_The task_: Restate verbatim the span of lines below between the line with "بنطلون بساق واسع صبغ متعادل تجاعيد" and the line with "Будущие мамы должны", including those two lines, and only that span.

_Data in this exercise_:
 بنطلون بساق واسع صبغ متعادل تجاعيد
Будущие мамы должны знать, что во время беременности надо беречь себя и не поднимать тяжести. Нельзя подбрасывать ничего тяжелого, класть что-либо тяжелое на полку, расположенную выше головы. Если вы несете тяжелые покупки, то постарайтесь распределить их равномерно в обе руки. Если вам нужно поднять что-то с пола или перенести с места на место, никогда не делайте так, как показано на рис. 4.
---
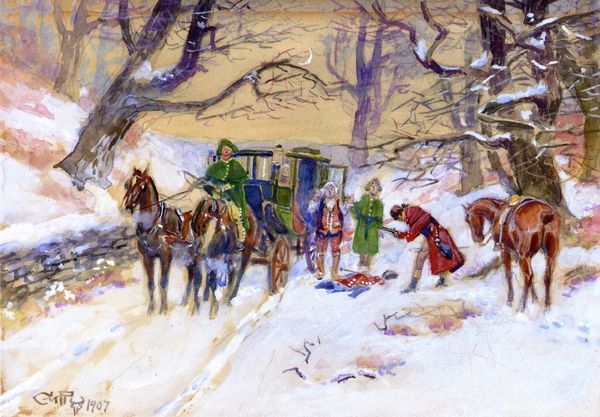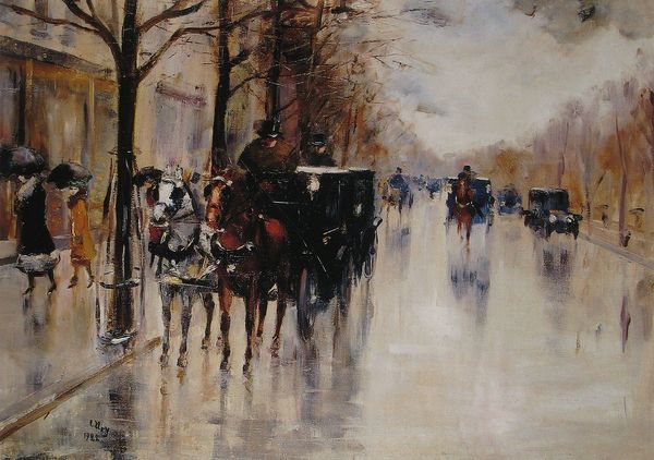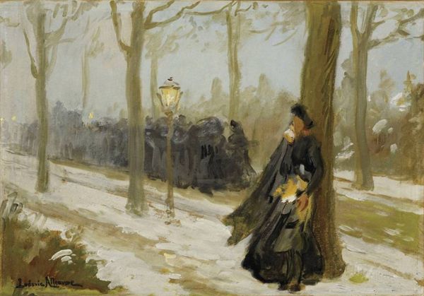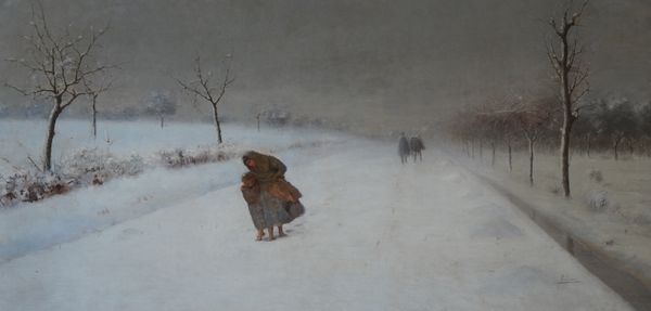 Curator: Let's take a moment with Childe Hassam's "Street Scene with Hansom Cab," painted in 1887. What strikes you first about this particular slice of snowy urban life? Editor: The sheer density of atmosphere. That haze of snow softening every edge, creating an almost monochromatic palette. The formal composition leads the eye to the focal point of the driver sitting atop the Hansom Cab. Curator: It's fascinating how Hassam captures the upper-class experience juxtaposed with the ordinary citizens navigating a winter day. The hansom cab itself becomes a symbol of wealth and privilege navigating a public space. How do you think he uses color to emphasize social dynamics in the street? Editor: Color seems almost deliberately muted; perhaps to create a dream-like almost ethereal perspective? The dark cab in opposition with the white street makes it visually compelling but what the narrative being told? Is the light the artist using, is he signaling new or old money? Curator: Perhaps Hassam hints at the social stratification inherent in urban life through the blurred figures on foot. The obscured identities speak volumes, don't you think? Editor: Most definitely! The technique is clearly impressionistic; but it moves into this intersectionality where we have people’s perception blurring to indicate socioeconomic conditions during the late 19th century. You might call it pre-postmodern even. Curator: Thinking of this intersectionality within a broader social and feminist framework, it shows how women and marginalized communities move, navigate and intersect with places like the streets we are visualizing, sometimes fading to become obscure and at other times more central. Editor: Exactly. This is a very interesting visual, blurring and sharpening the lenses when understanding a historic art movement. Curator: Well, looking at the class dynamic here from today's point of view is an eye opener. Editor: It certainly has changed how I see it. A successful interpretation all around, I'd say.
...
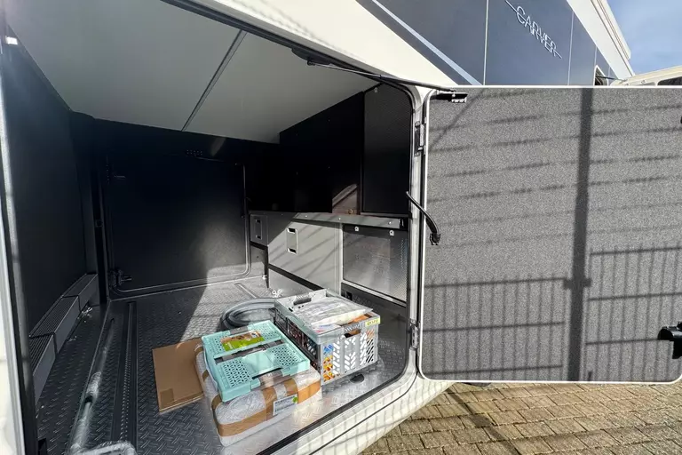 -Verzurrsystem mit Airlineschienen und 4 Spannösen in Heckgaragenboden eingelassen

_Response to this task_:
 بنطلون بساق واسع صبغ متعادل تجاعيد
Будущие мамы должны знать, что во время беременности надо беречь себя и не поднимать тяжести. Нельзя подбрасывать ничего тяжелого, класть что-либо тяжелое на полку, расположенную выше головы. Если вы несете тяжелые покупки, то постарайтесь распределить их равномерно в обе руки. Если вам нужно поднять что-то с пола или перенести с места на место, никогда не делайте так, как показано на рис. 4.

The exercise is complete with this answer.